É assim na indústria da moda. Grandes grifes hasteiam a bandeira da responsabilidade social, do respeito, do comportamento ético e do compromisso com a verdade. Criam códigos de conduta que contemplam missões, valores e princípios dignos de um Estado Democrático de Direito e, com isso, vinculam sua imagem à probidade, ao decoro e aos direitos humanos. Contam com público fiel à marca e ao estilo de vida que lhe corresponde.

Mascara-se, no entanto, uma realidade cruel e pungente: uma produção barata e degradante. Pulveriza-se intensamente a cadeia produtiva: contrata-se e subcontrata-se, dissipando-se os riscos da atividade. Negocia-se a prestação dos serviços sob o rótulo de relações estritamente comerciais. Paga-se pouco, muito pouco: o limite necessário para garantir o lucro máximo.

A consequência não é outra, senão uma tragédia social. Milhares de costureiros, brasileiros e imigrantes, homens e mulheres, socialmente vulneráveis, submetidos a condições de trabalho ofensivas à dignidade. Espremidas em um pequeno imóvel localizado na zona central da cidade de São Paulo, as famílias residem em habitações coletivas e trabalham diuturnamente em manifesta degradação, expostas a riscos iminentes de incêndio e eletrocussão.

À geração de riquezas econômicas não corresponde correlata inserção social da pessoa trabalhadora, função primária da labuta humana. Trata-se de trabalho escravo na cadeia das grifes de grande renome e indubitável solidez econômica. Uma escravidão estrutural, pautada na degradação humana. Uma escravidão perspicaz, cuja vítima desconhece seu algoz. Uma escravidão social pós-moderna, onde os grilhões não estão visíveis aos olhos da sociedade. Uma escravidão impune.

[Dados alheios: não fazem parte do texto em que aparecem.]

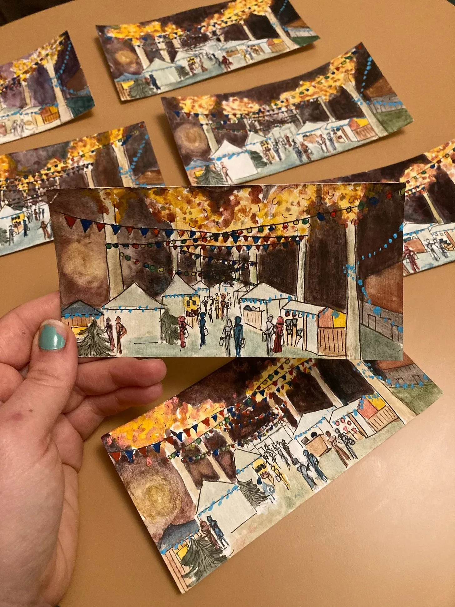 Each piece is a palm-sized work of art, and no two are alike. Soft-sculpture embroidery, erasure poetry, drawings, watercolors, and paintings are a sliver of what you can expect.

Trabalho escravo contemporâneo

Não raro, os escravagistas pós-modernos, que ditam as regras de um mercado nefasto, saem ilesos nas ações judiciais que lhes são movidas. Mais das vezes, o Judiciário afasta a responsabilidade jurídica daqueles que contribuem diretamente para o ilícito, seja por desconhecer o conceito contemporâneo de trabalho escravo, seja por aceitar as escusas defensivas das grandes grifes, que possuem notória capacidade de mobilização político-jurídica em prol dos seus interesses e invariavelmente alegam desconhecimento do fato. Seja, ainda, por pura ideologia.

Foi o que ocorreu em recente decisão do TRT da 2ª Região (São Paulo/SP) que, em sede de mandado de segurança, utilizado como via de recorribilidade interlocutória, já prejulgou o caso posto e afastou a responsabilidade da grande grife. Os fundamentos não são novos: os trabalhadores resgatados possuíam “empresa regularmente constituída”; inexistência “de qualquer forma de intimidação visando restringir a liberdade de locomoção”; e, mais grave, nas condições a que estavam submetidas as vítimas, “vive grande parte da população brasileira”. Como se vê, a decisão mostra-se conservadora sob os aspectos jurídico e social.

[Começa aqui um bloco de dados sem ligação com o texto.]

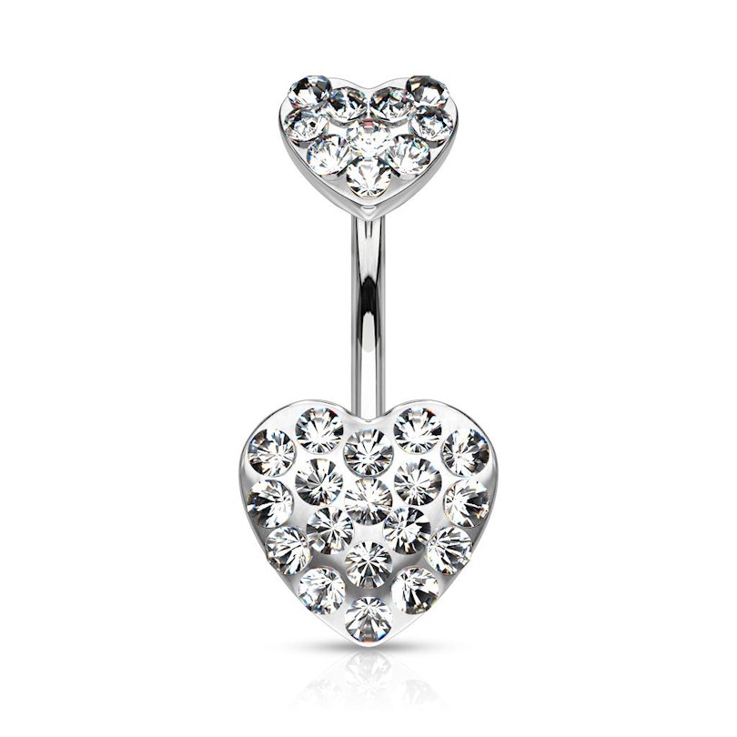 Het sieraad is gemaakt van chirurgisch staal en heeft een 10 mm lange staaf. Maar in plaats van een doorsnee top- en onderballetje, is er bij dit sieraad gekozen voor twee mooie hartjes met steentjes. Dat is ook vrijwel het enige dat te zien is als je het sieraad draagt. De vele kleine steentjes zijn allemaal facet geslepen, en deze reflecteren het licht dat vanuit alle hoeken komt dan ook prachtig. Dit zorgt ervoor dat het sieraad prachtig fonkelt in je navel. Je kunt kiezen tussen vijf frisse kleuren voor je hartjes, die allemaal even mooi zijn. Alleen jij hoeft slechts nog te kiezen welke het meeste in de smaak valt.

A primazia da realidade cedeu à roupagem do formalismo e ao tecnicismo da teoria geral dos contratos mercantis. Desconsiderou-se a robustez das provas colhidas na diligência promovida pelos órgãos públicos fiscalizadores, que não deixava margem a dúvidas quanto ao comando e logística traçados pela grife, beneficiária direta da mão de obra das vítimas que produziam exclusivamente para a marca.

Dignidade humana

Olvidou-se o emérito julgador que o bem jurídico tutelado pelo trabalho escravo se transmudou na sua acepção contemporânea. Atualmente, não mais se exige a presença de instrumentos restritivos da liberdade, como práticas usuais de outrora, mas condições aviltantes à dignidade da pessoa trabalhadora provenientes da disparidade socioeconômica entre vítima e escravocrata moderno. A dignidade humana passou a ser, portanto, o bem jurídico protegido pelo crime de redução à condição análoga à de escravo, podendo ser atingida – inclusive, e não apenas – pela restrição da liberdade de ir e vir.

O último fundamento da decisão talvez seja o mais preocupante, pois traz consigo um preconceito ínsito. Um preconceito de classe. Afastar a característica degradante pelo simples fato de que grande parte da população brasileira também vive em condições precárias, inseguras e compartilhando cômodos revela o pensamento excludente que pauta grande parte da elite brasileira. Trocando em miúdos, é dar aos pobres a pobreza; aos miseráveis, a miséria.

É mais aceitável absolver do que condenar. É mais fácil não enxergar o elo existente entre as regras impostas de cima para baixo e as condições precárias de trabalho. É mais confortável virar as costas para o necessário processo de aprimoramento contínuo de uma cadeia marcada pela escravidão pós-moderna.

É inegável que a tomadora final dos serviços prestados lá embaixo, em condições subumanas, se omitiu no seu dever social, jurídico e cívico de conhecer os métodos materiais e humanos utilizados para a confecção dos produtos que encomenda. Não se preocupou em aferir a real capacidade produtiva daqueles que lhe prestam serviços e não teve interesse, sequer, em verificar como seu produto foi fabricado. Beneficiou-se diretamente da força de trabalho de toda a cadeia produtiva, mas deliberadamente fechou os olhos para as condições da produção, pondo-se em condição de ignorância. Trata-se de uma cegueira absolutamente proposital em face daquilo que ocorre ao seu redor.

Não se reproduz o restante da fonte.